Eventuell hatten die nur ne bestimmte Anzahl an Keys, und die sind bereits weg ...... naja, ist irgendwie unlogisch.

Und ja, der deutsche Store ist oft ziemlicher Müll, zum Teil auch weil es etliche indizierte Spiele hier halt einfach nicht im Angebot gibt. >_<

Auch sind einige Preise da ziemlicher Quatsch, Fear 2 ist da IMMER NOCH für 49,99€ als Download erhältlich, meine "Lösung" dafür wird so aussehen: Einfach im englischen Amazon für 5,89 Pfund (heul) zusammen mit Empire: Total war (14 Pfund) bestellen und hier hin liefern lassen, dass Steam der Ursprungsort eines Spieles, bzw. PEGI oder USK-Fassung ziemlich egal ist weiß ich seit meiner Importfassung von L4D2 aus UK.  Scheinbar will der deutsche Handel mein Geld ganz einfach nicht ...


...


Man könnte das Ganze via VPN/Proxy "durchziehen", einfach per Ami-IP irgendeine Fantasieadresse angeben, bezahlen kann man dann auch mit ner DE-Kreditkarte, man beschenkt sich auf die Art einfach selber indem man das Ganze als Geschenk für den eigenen Steamaccount kauft, soll so zumindest laut 'nem Bekannten gehen ..... die Frage ist nur wenn das so geht: Wird Valve da irgendwann mal diese Spiele oder gleich den ganzen beschenkten Account sperren? Hab ich zwar so noch nichts von gehört dass DAS je passiert ist, aber Gewähr kann ich darauf trotzdem keine geben ...


----------



## INU.ID (23. Dezember 2009)

*AW: Neue Steam Weihnachtsaktion bis 3. Jan. 2010*



Ob4ru|3r schrieb:


> Ich muss dich da leider enttäuschen, aber mit Leuten die ich nicht selber mal getroffen habe mache ich keine Transaktionen mit Geld, sry.

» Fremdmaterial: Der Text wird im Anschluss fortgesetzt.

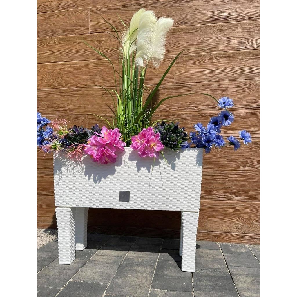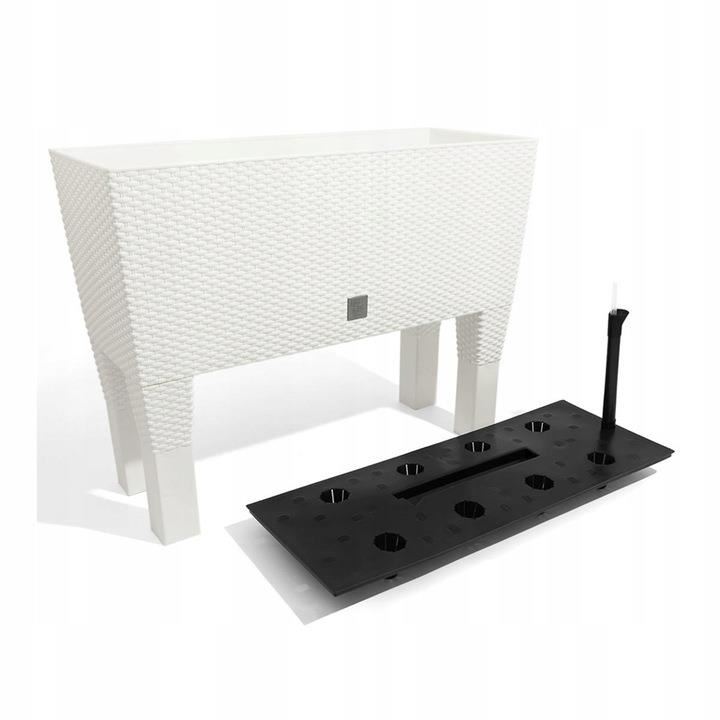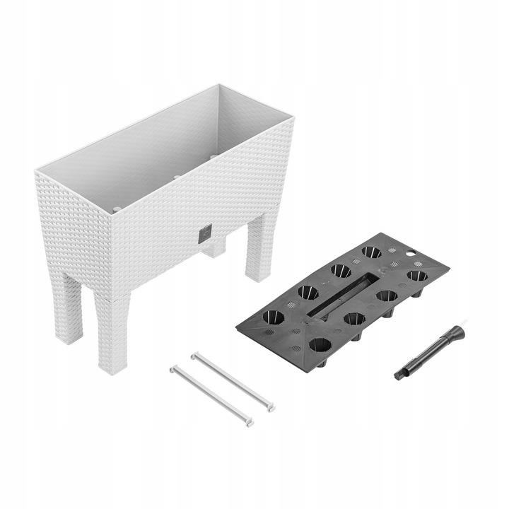 Jardiniera decorativa, cu picioare, sistem irigare, imitatie ratan, alb, 30 L, 60x25x46 cm, Rato Case High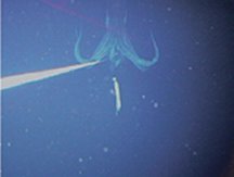 On the morning of Sept. 30, 2004, the system triumphed, report Tsunemi Kubodera of the National Science Museum and Kyoichi Mori of the Ogasawara Whale Watching Association, both based in Tokyo. One of their cameras recorded the pale form of a giant squid as it attacked the bait 900 meters down.

Kein Problem. Ich hätte natürlich vorab bezahlt, aber ich verstehe wenn jemand keinen Bock auf sowas hat.  Außerdem habe ich mittlerweile einen freundlichen Schweizer gefunden der sich dazu bereit erklärt hat mir ein Steam-Geschenk zu machen. Hanfred gibts ja auch noch, und der ist afaik auch ein bevorzugter Erdling (aka Schweizer)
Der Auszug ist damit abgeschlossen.